Northwell's Eller likewise said that the LabFly service had helped improve patient compliance with getting lab work completed.

He suggested that services like LabFly will continue to grow as telemedicine and home testing advance.

"It opens up opportunities to continue the evolution in telemedicine and for us to perform lab testing in patients' homes where they can get their results right then and there," he said. "As technology advances, I think it's important that we build this infrastructure."

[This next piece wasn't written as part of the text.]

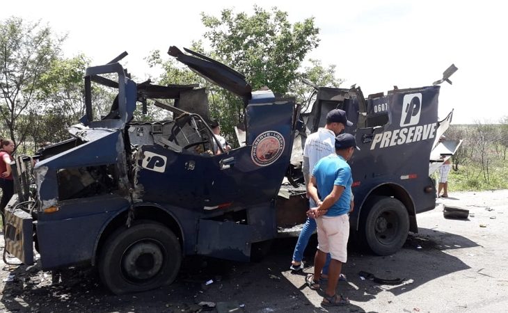 Bandidos fortemente armados explodiram no início da tarde desta quinta-feira (09), na BR-316, um carro forte da empresa de transporte de valores Preserve. Muito dinheiro ficou espalhado pela pista. A ação criminosa aconteceu próximo ao povoado da Quixaba, divisa do município de Parnamirim com Ouricuri, no Sertão de Pernambuco. De acordo com informações de Felisberto Ferreira do Sistema Beto Som, ninguém se feriu e os bandidos após roubarem a dinheiro fugiram em direção a Salgueiro.

Northwell is interested in offering the LabFly system to outside healthcare systems, as well, Eller said, noting that it is in discussions with some systems about that possibility.

"Typically, hospital-based laboratories may or may not be great revenue generators for their systems, so investing in the development of a product like [LabFly] might be a stretch for some smaller health system laboratories," he said. "But if they can get an out-of-the-box solution that they can just plug in, it could work for them, and that is where we are concentrating a lot of our efforts."

Cohen said BioReference has been approached by other labs interested in using the Scarlet system and that the company is "thinking through that as we speak."

"We won't keep it only to BioReference, it looks like, because there is a lot of demand," he said.